Искусство

Глазами клоуна

Смотрела венецианский конкурс Вероника Хлебникова

Впервые за много лет гостям и участникам одного из главных кинофестивалей мира, венецианской Мостры, предложили вместо очередного солидного киносмотра увлекательный и экстравагантный аттракцион.

Наталья КРАСИЛЬНИКОВА/PHOTOXPRESSВ самом конкурсе и рядом было много совершенно фантастических, грандиозных сооружений вроде фильмов Цуи Харка «Детектив Ди и тайна призрачного пламени» и «Тринадцати убийц» Такаши Миике. У Миике ловушки и бои на грани казни не только лишены обычной для этого автора придурковатости, но еще и элегантно встроены в классическую модель самурайского фильма. У Цуи Харка сооружена статуя Будды, такая же, как Колосс Родосский в одноименном фильме Серджо Леоне, а в нем лабиринт опасных трюков, эффектных мистификаций, и впечатление такое, будто это Леоне из параллельной вселенной. Не менее эффектно и параллельно конкурсу прошло выступление, впрочем конкурсного, Франсуа Озона. В его «Трофее» Катрин Денев и Жерар Депардье играют пародию на самих себя и необременительную водевильную комедию о великой силе буржуа. Ну вот как если бы в «Вишневом саде» Раневская отменила Париж и приняла управление усадьбой, а после выяснилось бы, что у нее с Лопахиным был юношеский роман, а революции бы не случилось ни в 1905, ни в 1917 году. Или драйвовый, почти совершенный ЗD хоррор братьев Панг «Глаза детей», показанный вне конкурса, мог бы войти в конкурс «Горизонтов» — по широте взгляда на 3D.
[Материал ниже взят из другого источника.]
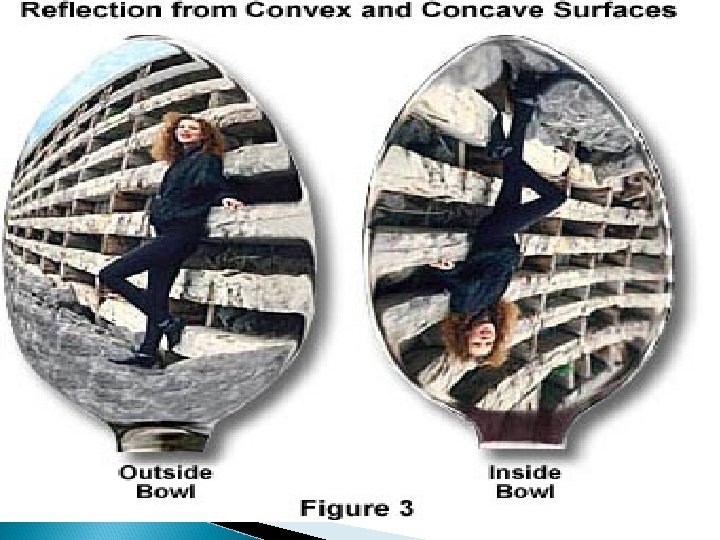 KINDS OF MIRROR (very good reflector of light) 1. Plane – clear and sharp reflection and gives virtual image 2. Concave – curved inward and gives larger view ex: searchlights, headlights, flashlights, cosmetic mirrors, driver’s rear mirror 3. Convex – curved outward and gives smaller view ex: car’s side mirrors, shopping centers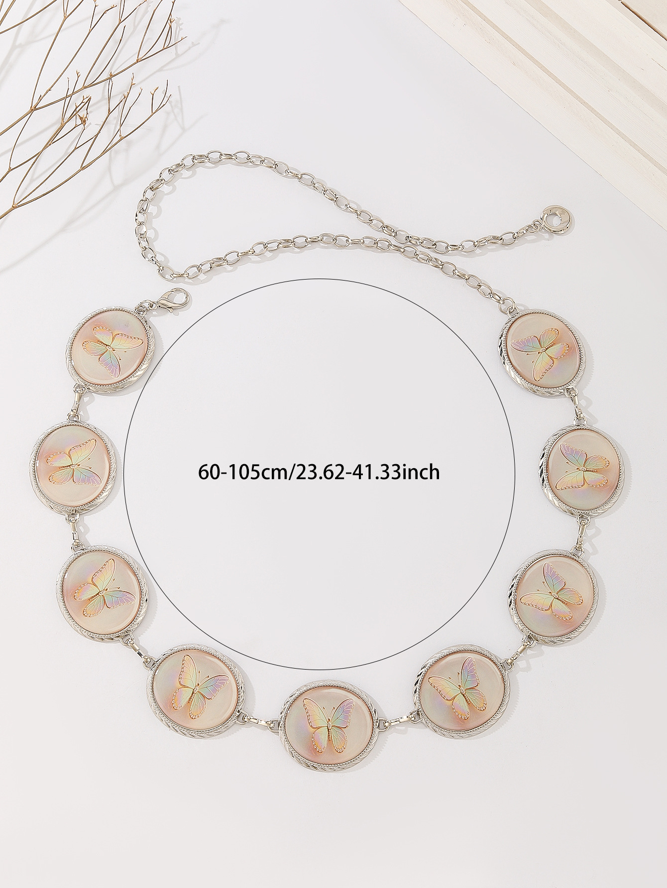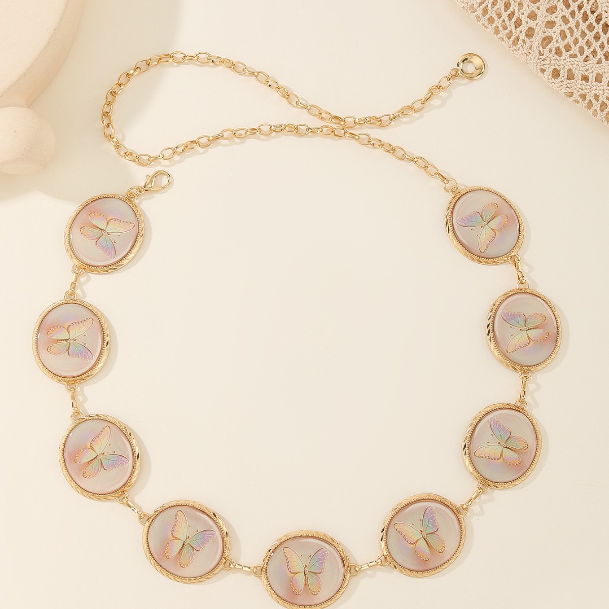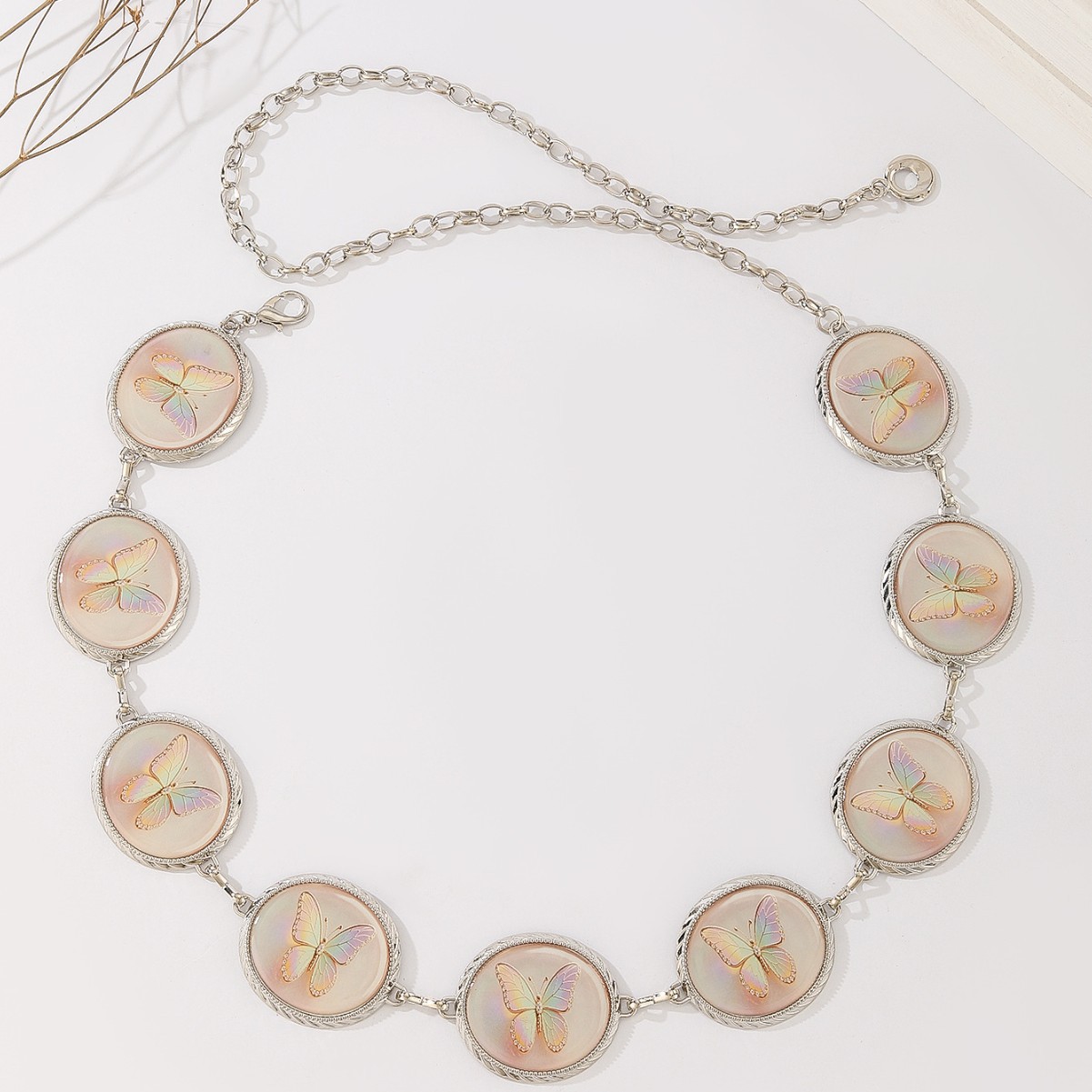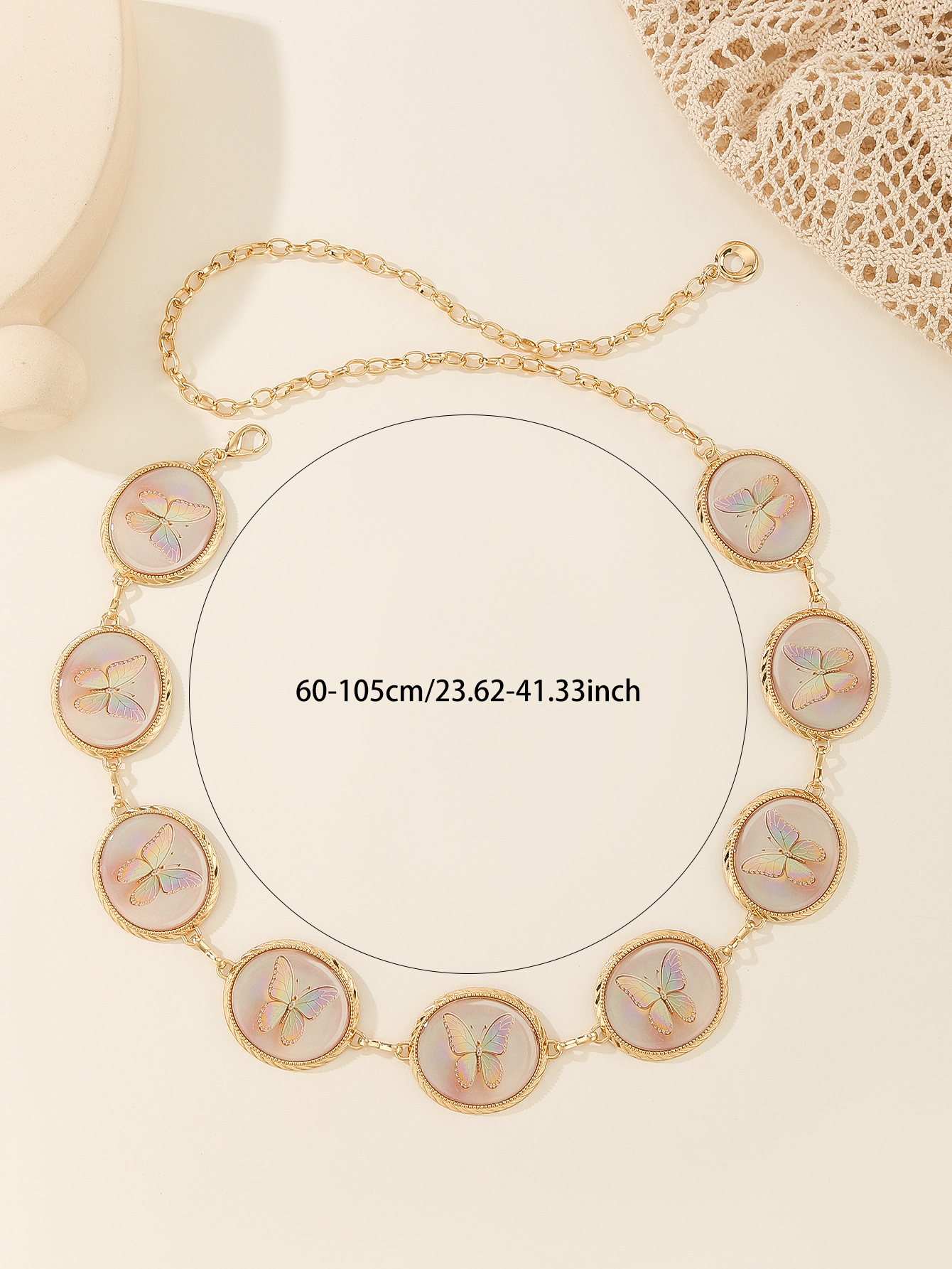 跨境金属腰女链椭圆雕刻蝴蝶复古花纹装饰身体链连衣裙腰带链条 English | 投诉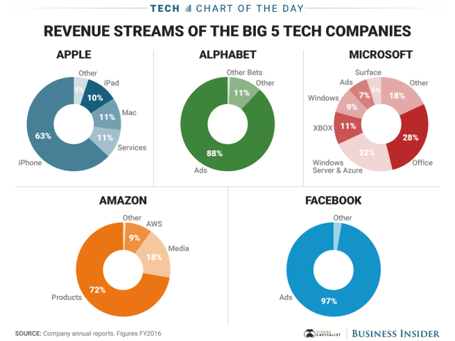 - Facebook 有明確的獨立裝置計劃。而且發佈了幾個 VR 產品:Facebook space、360 相片/影片、360 攝影硬件、AR studio。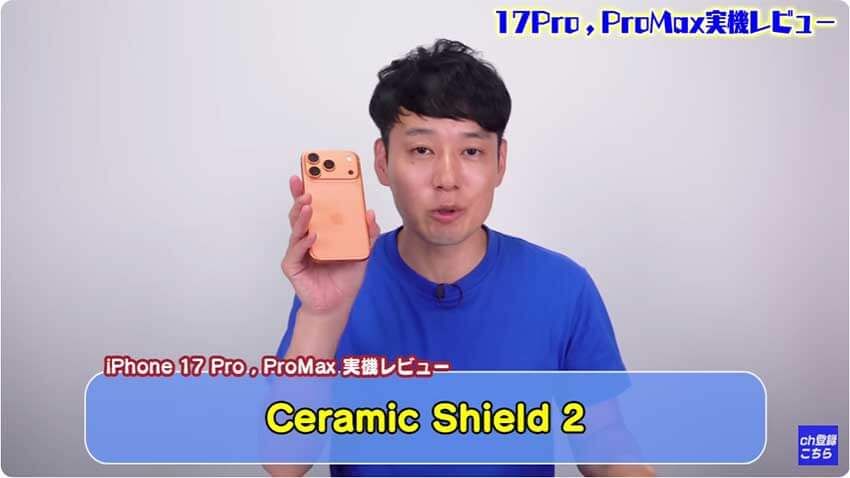 iPhone 17 Proには「Ceramic Shield」というセラミック製の素材が使われており、従来モデルの4倍割れにくいよう工夫されています。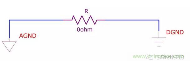 用于信號完整性的模擬地和數(shù)字地的單點連接 - 有人說0?跟沒有一樣,干嘛不直接連接上?想象一下如果你在電路原理圖里沒有這個0?的電阻,做PCB Layout的時候就可能忽略這個單點連接的原則,CAD軟件也會亂連在一起,達不到你單點連接的初衷。當然單點連接的時候你也可以用磁珠,我個人的觀點其實連接點的位置選擇好的話,磁珠除了比電阻貴之外,沒有什么好處,實際的操作中你可以用比較小的封裝的0?電阻,比如0402、0201,焊接的時候直接用烙鐵將兩端搭接在一起就可以,連電阻也省了;

Главным открытием нынешней Мостры называют режиссера из Страны Басков Алекса де ла Иглесиа, автора «Печальной баллады для трубы». Тем временем его основные фильмы, от «Пердиты Дуранго» и «800 пуль» до «Идеального преступления» и «Убийств в Оксфорде», были доступны российскому зрителю по мере поступления на видео, после на DVD, а теперь в большом количестве качаются по торрентам. Кстати, в комментариях к ним разве только ленивые промолчали о близком эстетическом родстве Иглесиа с Тарантино. Призами Венецианского МКФ заслуженно воздали должное весьма интересному, помешанному на картинке и ритме автору, теперь достигшему уровня гениальности, вывели его за пределы жанрового гетто и специализированных фестивалей фантастики и триллеров. До сих пор самой крупной наградой в фильмографии Иглесиа была национальная испанская премия «Гойя» в шести номинациях за ранний «День зверя», за спецэффекты в «800 пулях» и «Сообществе», а также за музыку и монтаж в «Убийствах в Оксфорде».

Наградив свою старую добрую подружку Софью Копполу «Золотым львом», а старика-учителя Монте Хеллмана «Львом» специальным за «Дорогу в никуда», нынешний венецианский председатель Квентин Тарантино отдал важнейшие награды — за сценарий и режиссуру — своему вроде как молочному брату. Старшему по возрасту (на год или около того) и младшему по фильмографии (дебют Тарантино «Бешеные псы», одним из продюсеров которого был тот самый Монте Хеллман, появился в 1992-м, первый полнометражный фильм Иглесиа «Операция «Мутанты» — в 1993-м).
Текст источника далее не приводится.